Mais c’est aussi la poursuite de la dé légitimation et de la destruction de l’ONU. Ce qui entre en parfaite contraction avec le regret de constater de l’affaiblissement des États Nations. Derrière cela c’est la remise en cause du fonctionnement de cette instance considérée comme étant de plus en plus inutile, inopérante, inefficace et politiquement gênante, notamment son Assemblée Générale. N’oublions pas que deux membres permanents du Conseil de Sécurité (les États Unis et la Grande Bretagne, par ailleurs détenteurs de l’arme nucléaire) se sont engagés illégalement dans la guerre en Irak. En fait c’est la notion même de droit international qui est remise en cause. Ce fonctionnement exaspère de plus en plus certaines puissances occidentales qui aimeraient bien pouvoir s’en affranchir (ce qu’elles font de plus en plus : Abou Graïb, Guantanamo, tortures, vols secrets de la CIA, prisons secrètes israéliennes...°) Bien sûr ces pratiques sont malheureusement fréquentes dans de nombreuses dictatures et il ne faut pas s’en accommoder. Mais ce qui fait la différence dans le cas présent, c’est que les pays porteurs de ce mouvement se disent tous des démocraties exemplaires et que c’est justement au nom de ces valeurs démocratiques qu’il faut utiliser l’arme nucléaire de façon préventive et remettre en cause certaines règles essentielles de la démocratie. Tout cela porte la marque de l’échec. A quoi ont aboutit les guerres préventives ? 1967 la guerre des Six Jours ? Ou en est-on ?

2003 : invasion de l’Irak ? Ou en est-on ?

Bien sûr si on utilise l’arme nucléaire, que plus rien ne subsiste, il n’y aura plus de problème. Cela veut dire qu’il faut penser dès à présent à se débarrasser de tout ce qui n’est pas occidental. Parce que ni l’Inde, ni la Chine n’ont à long terme vocation à plier le genou devant de pareilles « valeurs ».

Il me semble que la coopération entre États, entre nations est quelques choses qui existent. Qu’il n’est pas interdit de discuter avec celles et ceux qui veulent discuter. Qu’il faut sortir de ces logiques d’enfermement dans lesquelles nous nous piégeons nous même en refusant de parler à tel ou tel. En érigeant des listes noires sans cesse plus longues qui nous évitent d’aborder la réalité des problèmes. Les Palestiniens qui ont voté pour le Hamas n’ont pas voté pour la destruction d’Israël, tout le monde le sait. Ils ont voté d’abord parce que « la communauté internationale » le leur a demandé, ensuite parce qu’ils veulent vivre dignement et faire valoir les droits politiques et historiques légitimes qui sont les leurs, tout simplement.
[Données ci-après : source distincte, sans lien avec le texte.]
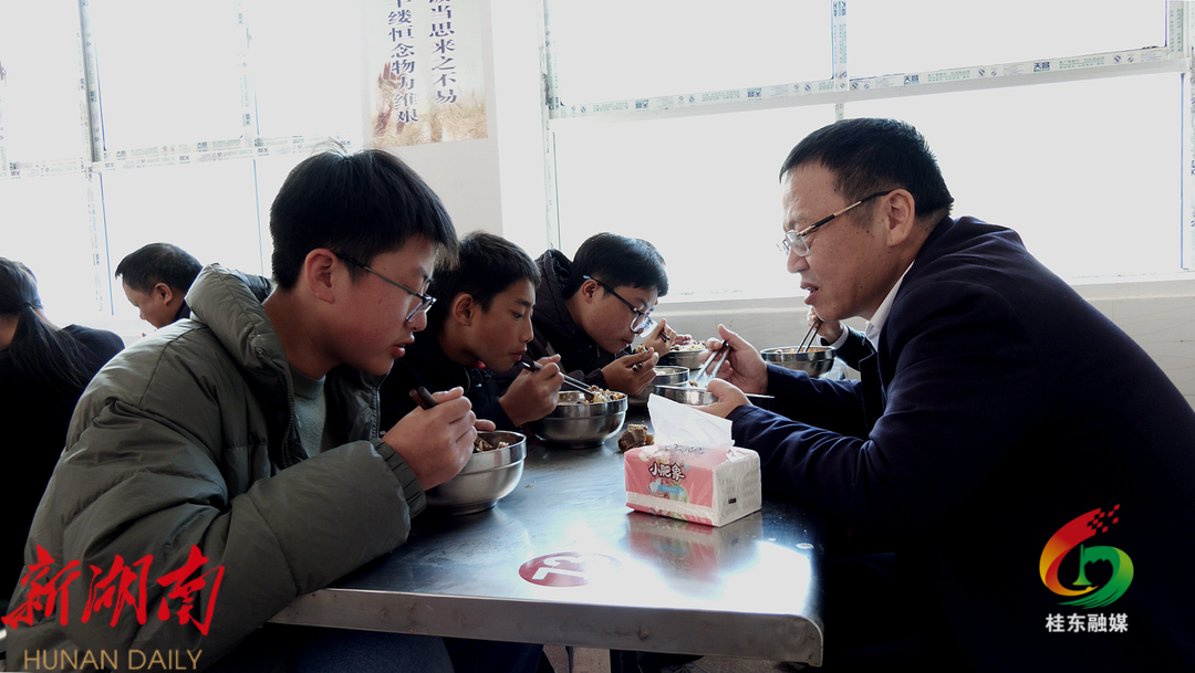 时至中午,伍志平与沤江镇增口九年制学校师生一起在学校食堂就餐,与同学们亲切交谈,关切询问他们饭菜是否符合口味、价格是否满意,叮嘱大家要珍惜粮食、注意营养均衡,鼓励他们努力学习,实现自身人生价值。

Est-ce si difficile à comprendre ?

La vraie faiblesse, la vraie peur, est de refuser de regarder la réalité en face et de dialoguer avec ceux qui composent la réalité du monde tel qu’il est, et dont nous ne sommes qu’une partie. Il ne fallait pas parler à ARAFAT, on a crée et on a eu le Hamas, il ne faut pas parler avec le Hamas, avec le Hezbollah ? On aura Al Qaïda. Et après ? Une bombe thermo nucléaire ?

Ce qu’il faut aujourd’hui, c’est retrouver cette capacité de s’adresser aux peuples, d’oser leur parler, de les considérer comme nos égaux, de lancer cette grande alliance des peuples plutôt que celle de l’Atlantique Nord, contre l’idéologie dominante du libéralisme financier qui gangrène l’idée même de démocratie. Sinon l’Occident ne pourra résister au ressentiment et à la vengeance de la misère du monde. Il ne fera que la retarder ou liquider 3 à 4 milliards d’individus.
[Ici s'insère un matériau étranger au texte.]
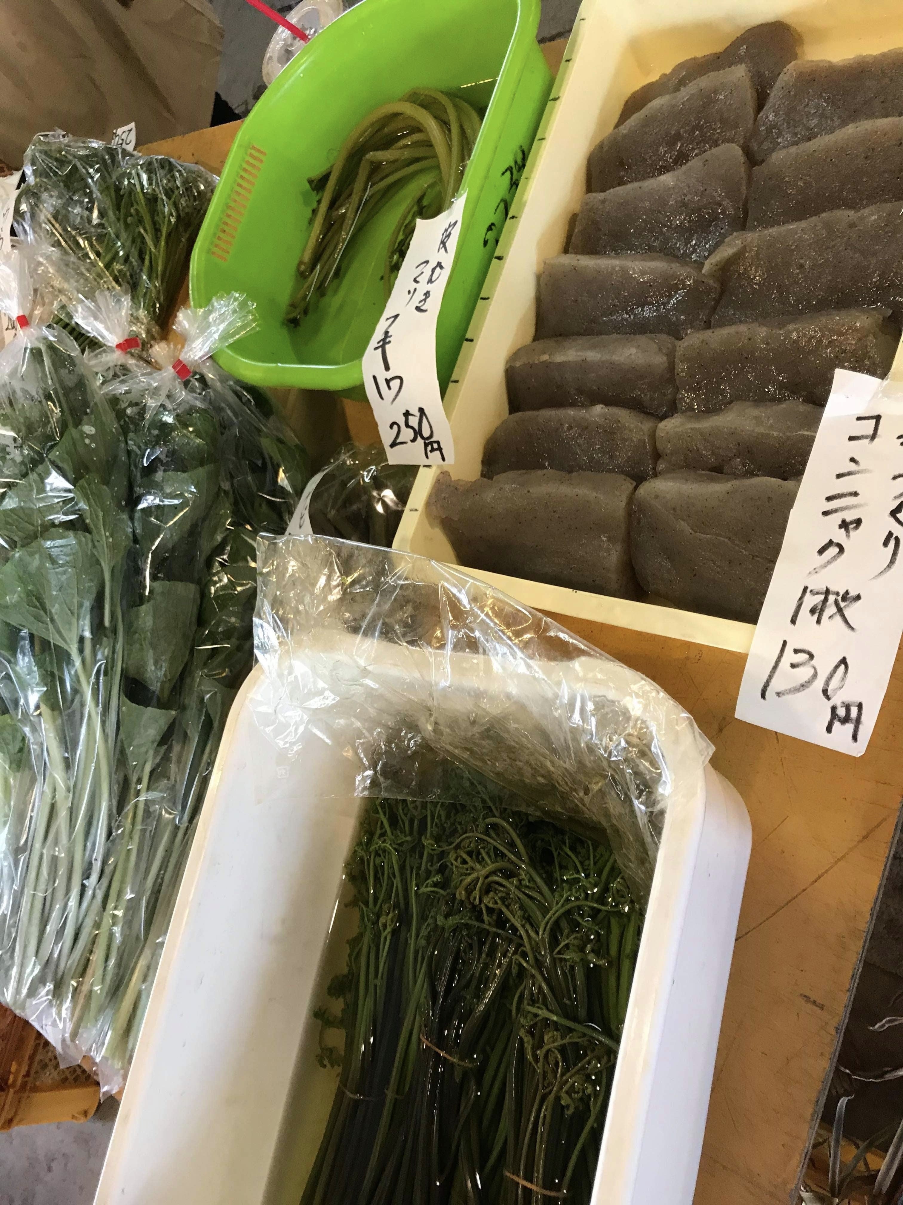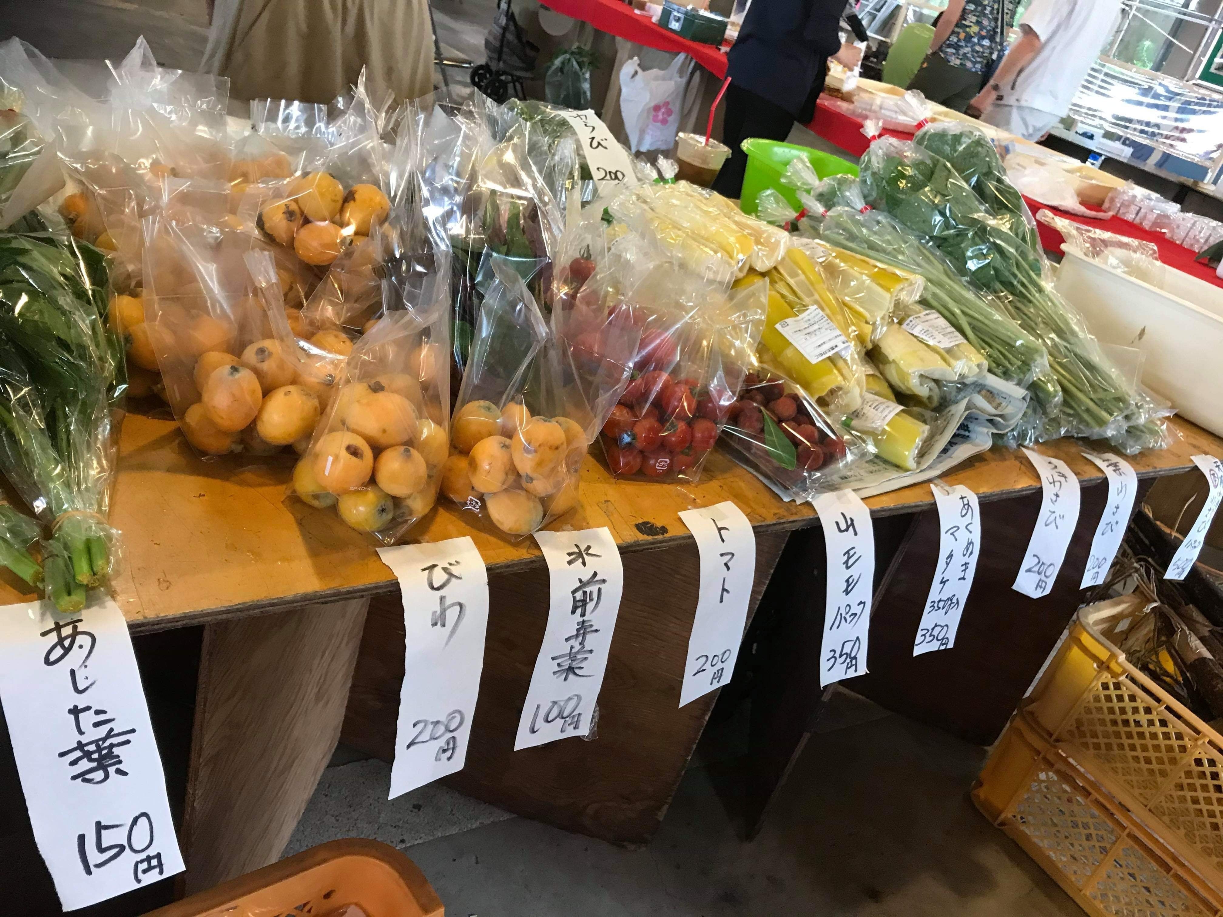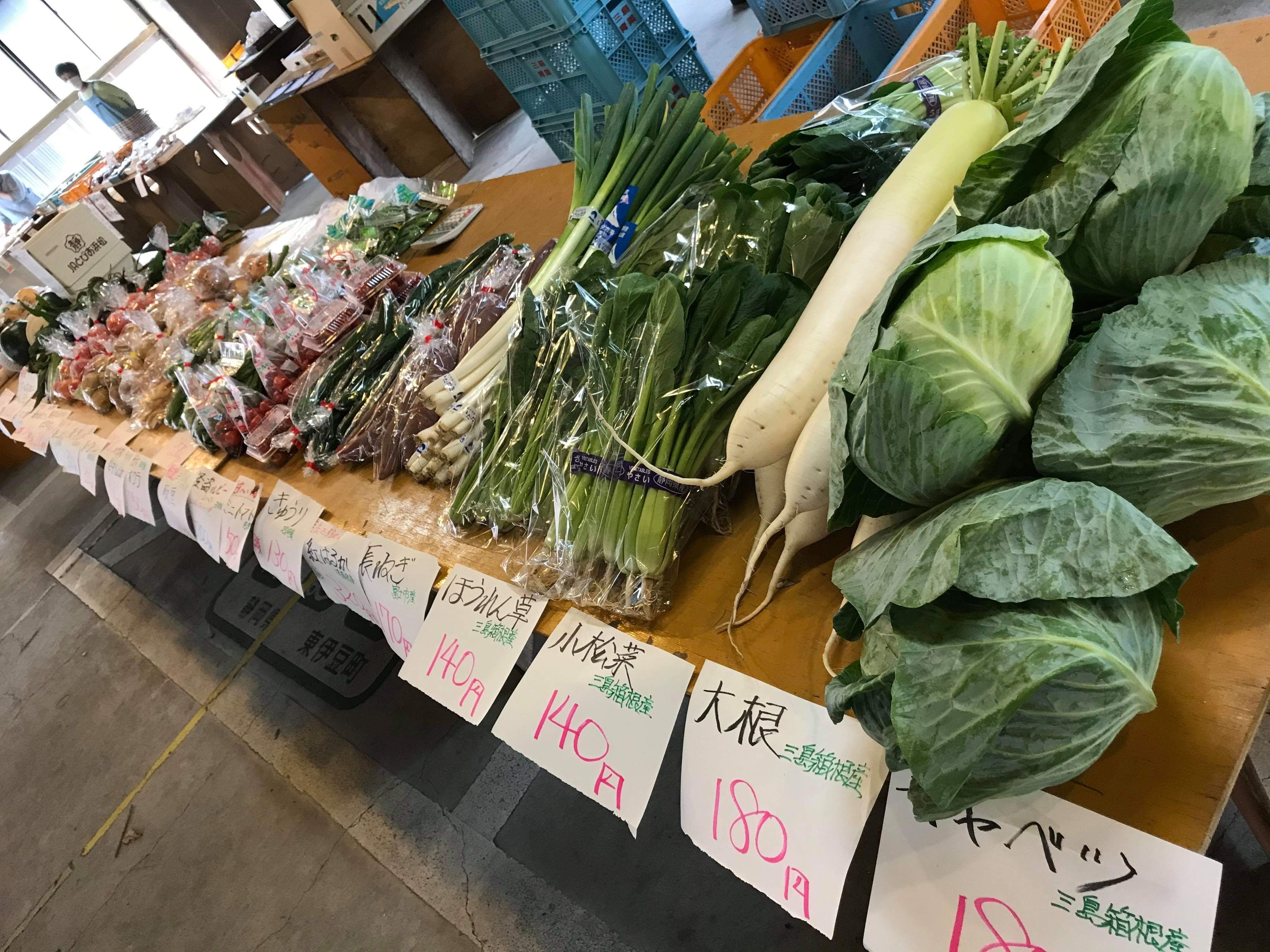 朝市では新鮮なお野菜が並び

Comment ne pas s’alarmer de cette multiplication des violations des droits les plus élémentaires par les démocraties elles mêmes : emprisonnements arbitraires, dissimulations, tortures, entreprises militaires illégales, non respect du vote des peuples...

Dans de telles conditions il ne faut pas s’étonner de voir des pans entiers de l’Afrique par exemple, se tourner vers la Chine ou l’Inde. Le mépris, l’arrogance et la violence occidentale, elle a déjà donné.